Sebanyak 11.374 kasus infeksi 2019-nCoV telah terkonfirmasi secara global, sebanyak 11.221 kasus terdapat di China. Adapun korban meninggal mencapai 259 orang, semua terdapat di China.
Di luar China, negara dengan kasus infeksi terbanyak adalah Thailand dengan 19 kasus, disusul Jepang 17 kasus, Singapura 16 kasus, dan Hong Kong 13 kasus. Negara yang baru mengonfirmasi adanya kasus baru korona adalah Inggris, Rusia, Perancis, Spanyol, dan Swedia. Perancis telah mengonfirmasi 6 kasus positif 2019-nCoV, salah satunya adalah dokter yang merawat pasien.
Selain peningkatan infeksi di luar China, saat ini sejumlah negara menghadapi terjadinya infeksi domestik, yaitu penularan virus korona antar-orang di dalam negeri. Negara-negara yang telah mengonfirmasi infeksi domestik ini antara lain Perancis, Vietnam, Thailand, China, Jerman, Jepang, Korea Selatan, dan Amerika Serikat.
Waspadai wabah
Di tengah meluasnya infeksi di luar negeri, hingga kini Indonesia belum mengonfirmasi adanya kasus positif. Belum adanya konfirmasi infeksi virus korona baru di Indonesia telah menjadi tanda tanya. ”Tetapi, ini tidak bisa disimpulkan bahwa kita tidak bisa melakukan screening (penapisan) virus korona ini, seperti yang diberitakan media di Australia itu keliru,” kata Amin.

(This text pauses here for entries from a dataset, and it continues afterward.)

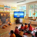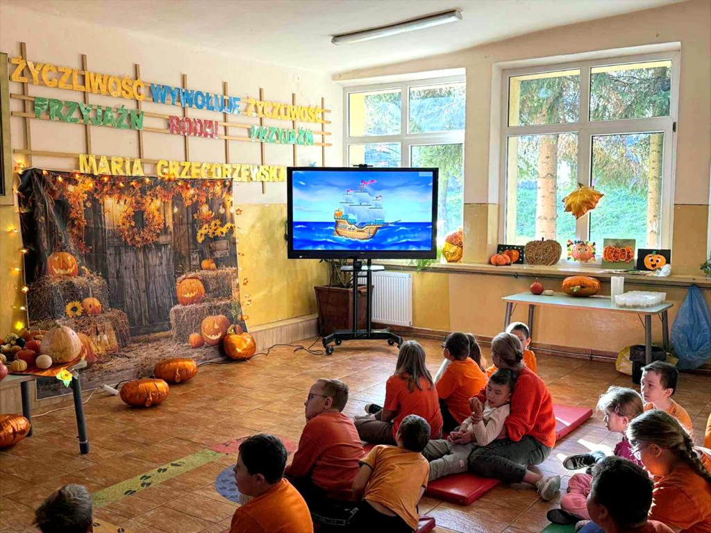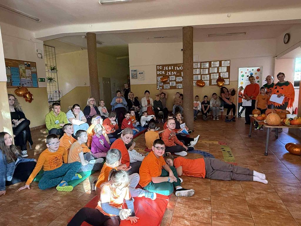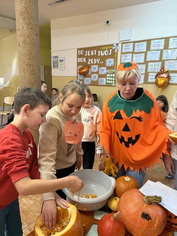 Uroczystość rozpoczęła się powitaniem wszystkich uczestników oraz recytacją wiersza o dyni, który wprowadził dzieci w jesienny nastrój i przypomniał, jak wyjątkowe to warzywo. Następnie uczniowie odpowiadali na zagadkami o warzywach – nie zabrakło śmiechu i wspólnego myślenia. Dzieci z zapałem odpowiadały na pytania, a za każdą prawidłową odpowiedź otrzymywały słodką nagrodę w postaci cukierków. Kolejnym punktem programu był krótki, ale ciekawy film o dyni, z którego wszyscy dowiedzieliśmy się wielu interesujących informacji – o jej pochodzeniu, odmianach i wartości odżywczej. Potem przyszedł czas na wyjątkowe doświadczenie: prawdziwa dynia wędrowała z rąk do rąk, dzięki czemu każdy mógł ją dotknąć, powąchać i obejrzeć. Dużo emocji wzbudziło wydrążanie dyni – uczniowie z ogromnym zainteresowaniem odkrywali, co znajduje się w jej środku. Z zaciekawieniem oglądali pestki i miąższ, poznając tajemnice tego jesiennego warzywa.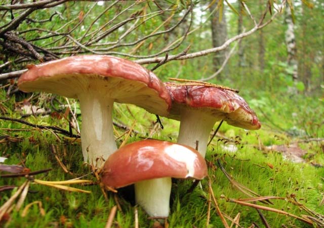 - сироїжка болотна (Russula paludosa) характеризується капелюшком з гладкою, злегка липкою поверхнею, пластинами білого або блідо-жовтого забарвлення і білою м'якоттю. Вона має полуконусную форму, яка в подальшому переходить в увігнуту. Її діаметр становить в середньому 15 см, основне забарвлення яскраво-червоний, а середина темно-бура. Білі або рожеві ніжки досягають 12 см в довжину і не більше трьох в діаметрі. Запах у даного виду грибів відсутній, смак м'який і ніжний.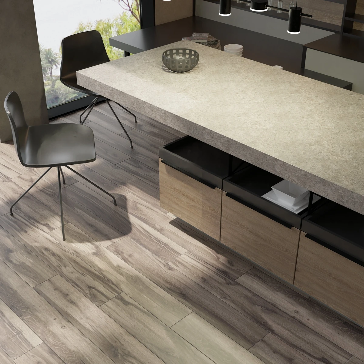 С фаской 4V: срез по всем четырём краям каждой панели создаёт V-образные канавки. Это придаёт покрытию натуральный вид доски и скрывает мелкие неровности основания. Подходит для помещений с интенсивным использованием.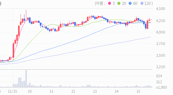 120일선과 240일선과 480일선이 역배열을 이루어 있어 장기적인 추세가 불확실하고 불안정한 상태에 있다는 신호입니다.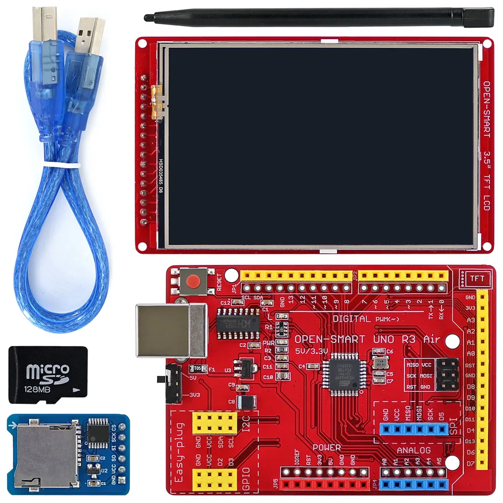 В комплект входит простая вилка UNO R3 Air development board, которая совместима с программой UNO R3, расширительные щиты, IDE.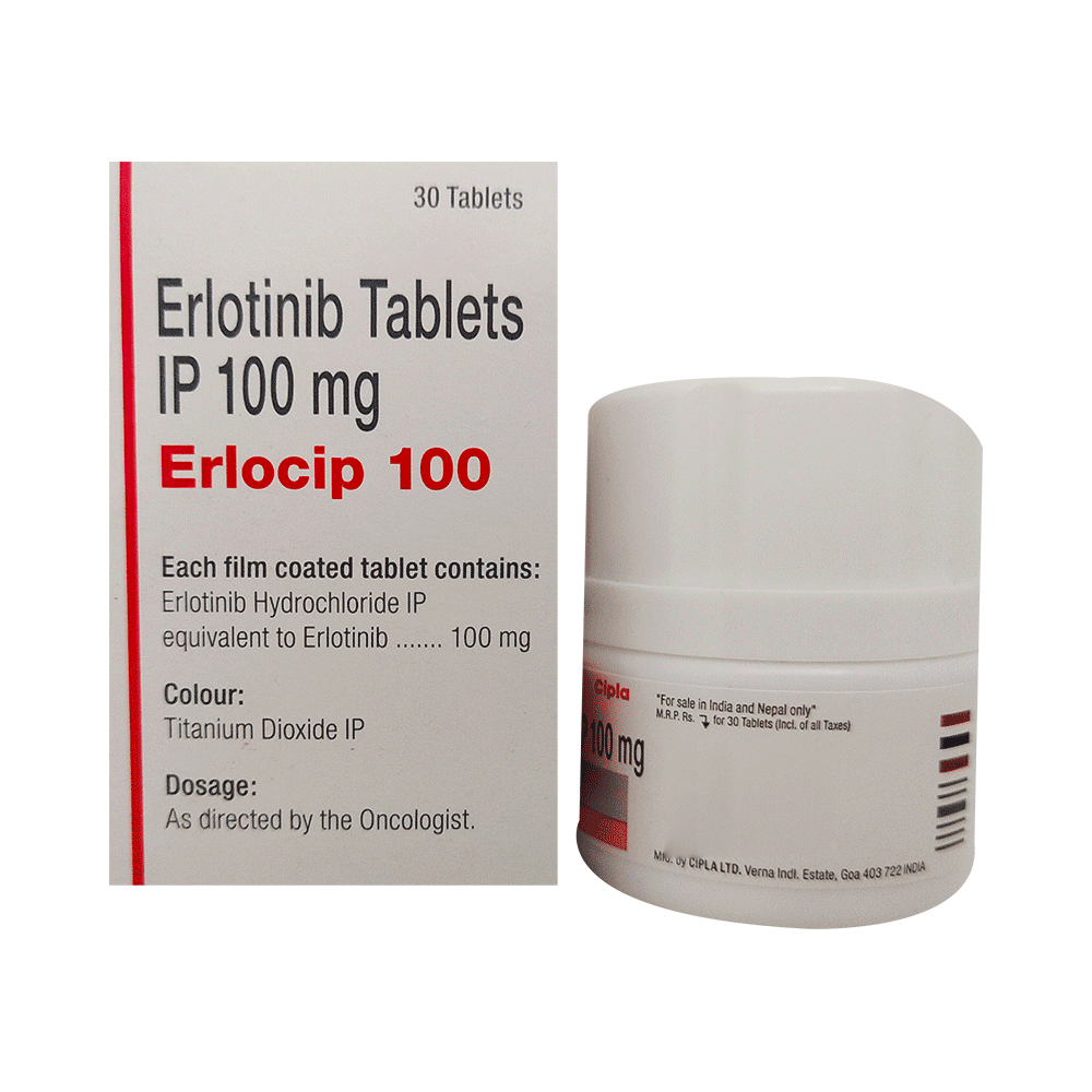 Erlocip 100 Tablet is used in the treatment of non-small cell lung cancer and pancreatic cancer. Erlocip 100 Tablet should be taken on an empty stomach or should be taken one hour before or 2 hour after meal. You should continue to take it as long as your doctor advises it. The duration of treatment varies according to your needs and response to treatment. You should take it exactly as your doctor has advised. Taking it in the wrong way or taking too much can cause very serious side effects. It may take several weeks or months for you to see or feel the benefits but do not stop taking it unless your doctor tells you to.The most common side effects of this medicine include nausea, vomiting, fatigue, rash, and weight loss. It may cause severe diarrhea, drink plenty of fluids or consult with your doctor if it bothers you. It makes you sensitive towards sunlight, hence wear protective clothing or use sunscreen while going out. In case you develop ulceration in mouth, changes in your vision, or breathing difficulties than it is better to inform the doctor. Your doctor may advise for regular monitoring of liver function while you are taking this medicine.Many other medicines can affect, or be affected by, this medicine so let your healthcare team know all medications you are using. This medicine is not recommended during pregnancy or while breastfeeding. The use of effective contraception by both males and females during treatment is important to avoid pregnancy. It is advised to quit smoking while taking this medicine as it can affect the working of the medicine. If you have to take an antacid or any other medicine, take it at a gap of at least 2 hours after taking the cancer medicine.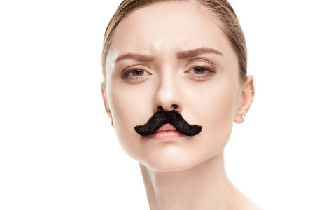 beautiful young woman with black mustaches looking at camera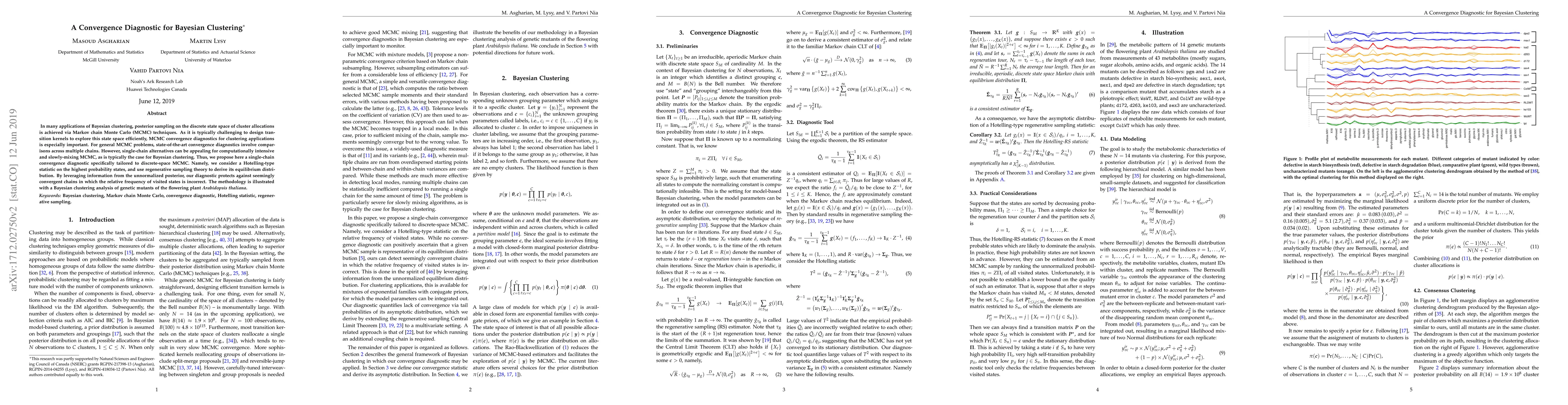 This paper proposes a single-chain convergence diagnostic for Bayesian clustering using MCMC, focusing on the highest probability states. It leverages a Hotelling-type statistic and regenerative sampling theory to derive its equilibrium distribution, ensuring accurate detection of convergence despite computational challenges.

Menurut dia, lembaganya sudah punya teknologinya sejak lama. ”Dari peralatan, reagen, maupun kapasitas sumber daya kita sudah bisa dan biasa melakukan screening terhadap berbagai virus baru, seperti dulu kita lakukan dalam kasus wabah flu burung,” lanjutnya.
Lembaga Eijkman sudah punya reagen pan-corona virus untuk mendeteksi ada atau tidaknya infeksi virus korona. Setelah itu, tahap berikutnya dilakukan sequencing untuk memastikan apakah memang jenis 2019-nCoV.
Dengan metode dua langkah ini, kami bisa mengidentifikasi keberadaan 2019-nCoV dalam waktu 4-5 hari.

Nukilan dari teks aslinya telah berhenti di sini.